• _What you are asked to do_:
From the listing below, give again exactly the lines from the line with "náhledového obrázku článku." to the line with "A SET OF FOUR", ends included, without any pictures.

• _Records shown_:

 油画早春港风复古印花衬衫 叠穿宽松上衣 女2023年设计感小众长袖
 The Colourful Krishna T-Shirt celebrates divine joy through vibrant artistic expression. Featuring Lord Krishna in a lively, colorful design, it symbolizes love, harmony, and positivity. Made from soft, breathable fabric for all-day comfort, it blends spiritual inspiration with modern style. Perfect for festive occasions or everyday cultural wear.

* * *

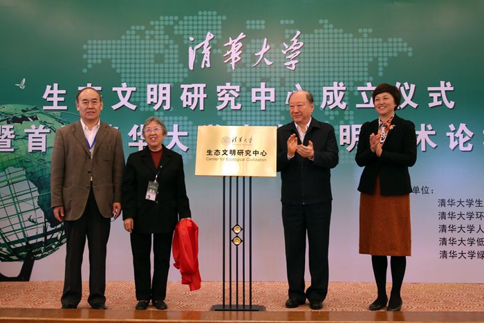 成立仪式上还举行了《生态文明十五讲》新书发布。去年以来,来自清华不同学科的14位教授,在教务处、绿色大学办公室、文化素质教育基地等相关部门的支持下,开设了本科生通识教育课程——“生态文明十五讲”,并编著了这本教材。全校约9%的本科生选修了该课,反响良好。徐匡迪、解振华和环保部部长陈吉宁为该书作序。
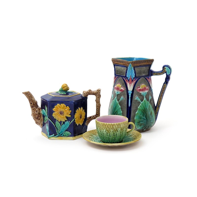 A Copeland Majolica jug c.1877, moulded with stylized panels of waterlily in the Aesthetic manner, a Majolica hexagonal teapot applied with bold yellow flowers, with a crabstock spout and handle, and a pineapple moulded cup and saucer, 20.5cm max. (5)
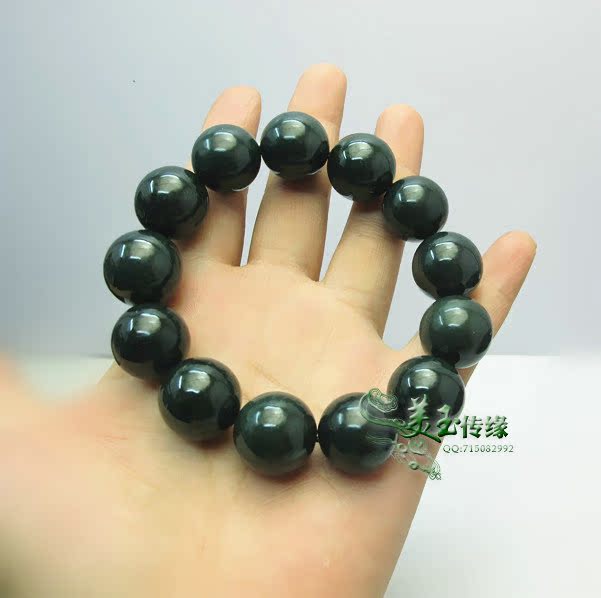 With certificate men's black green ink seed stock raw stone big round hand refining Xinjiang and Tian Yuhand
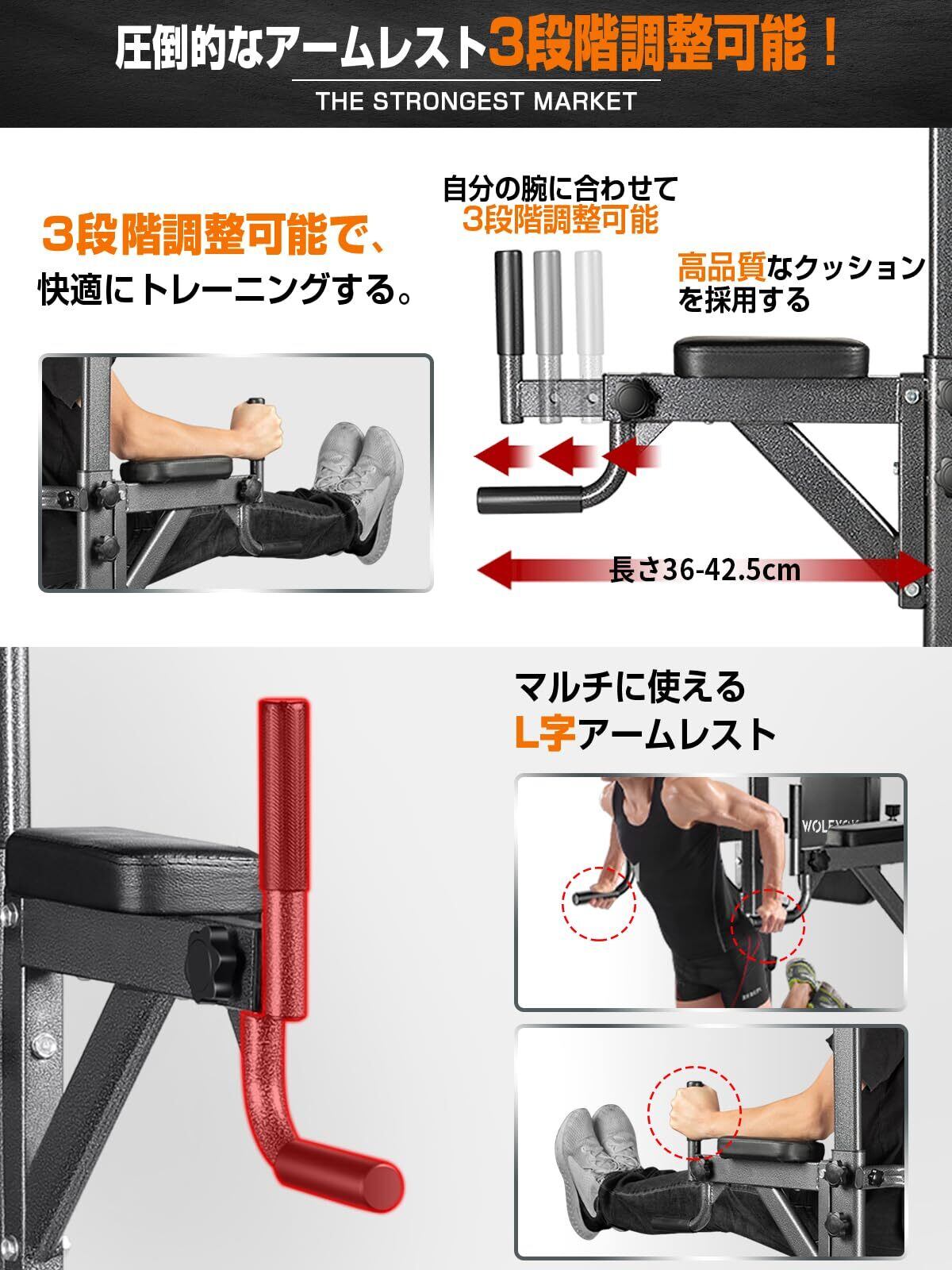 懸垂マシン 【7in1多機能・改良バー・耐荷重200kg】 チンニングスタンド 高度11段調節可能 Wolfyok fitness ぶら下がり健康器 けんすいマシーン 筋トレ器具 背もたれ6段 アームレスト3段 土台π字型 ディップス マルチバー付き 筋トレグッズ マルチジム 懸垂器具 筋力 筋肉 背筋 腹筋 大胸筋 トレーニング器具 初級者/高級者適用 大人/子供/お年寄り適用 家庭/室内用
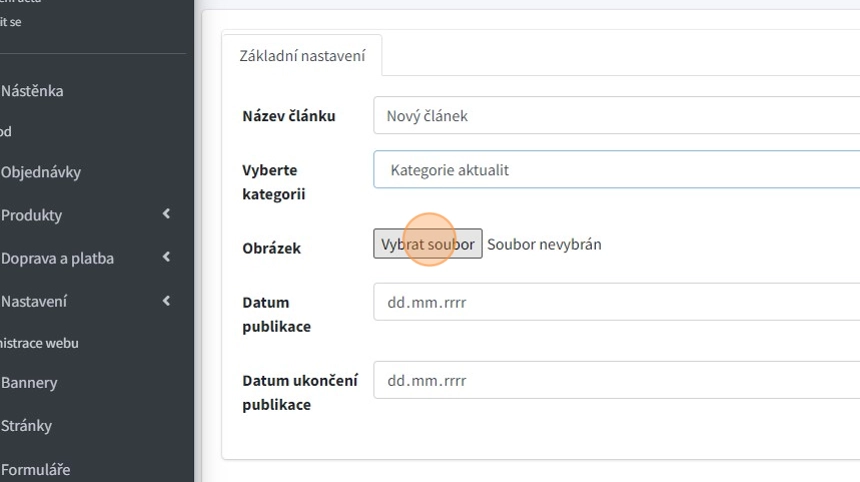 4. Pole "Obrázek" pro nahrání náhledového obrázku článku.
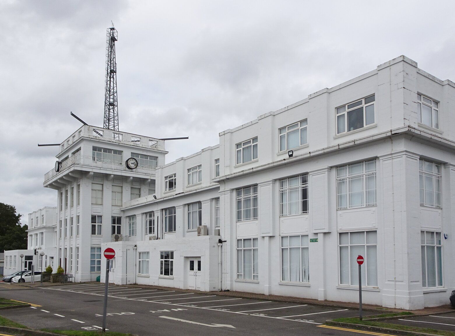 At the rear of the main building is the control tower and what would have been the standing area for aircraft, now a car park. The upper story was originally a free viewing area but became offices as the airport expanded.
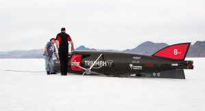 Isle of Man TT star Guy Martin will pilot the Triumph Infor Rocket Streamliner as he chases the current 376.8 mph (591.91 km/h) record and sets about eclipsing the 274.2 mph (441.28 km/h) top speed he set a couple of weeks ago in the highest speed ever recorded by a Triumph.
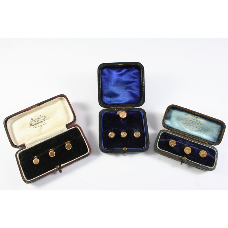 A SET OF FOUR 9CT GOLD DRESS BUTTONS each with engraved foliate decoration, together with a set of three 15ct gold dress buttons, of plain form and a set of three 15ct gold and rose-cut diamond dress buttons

• _Result of this exercise_:
 4. Pole "Obrázek" pro nahrání náhledového obrázku článku.
 At the rear of the main building is the control tower and what would have been the standing area for aircraft, now a car park. The upper story was originally a free viewing area but became offices as the airport expanded.
 Isle of Man TT star Guy Martin will pilot the Triumph Infor Rocket Streamliner as he chases the current 376.8 mph (591.91 km/h) record and sets about eclipsing the 274.2 mph (441.28 km/h) top speed he set a couple of weeks ago in the highest speed ever recorded by a Triumph.
 A SET OF FOUR 9CT GOLD DRESS BUTTONS each with engraved foliate decoration, together with a set of three 15ct gold dress buttons, of plain form and a set of three 15ct gold and rose-cut diamond dress buttons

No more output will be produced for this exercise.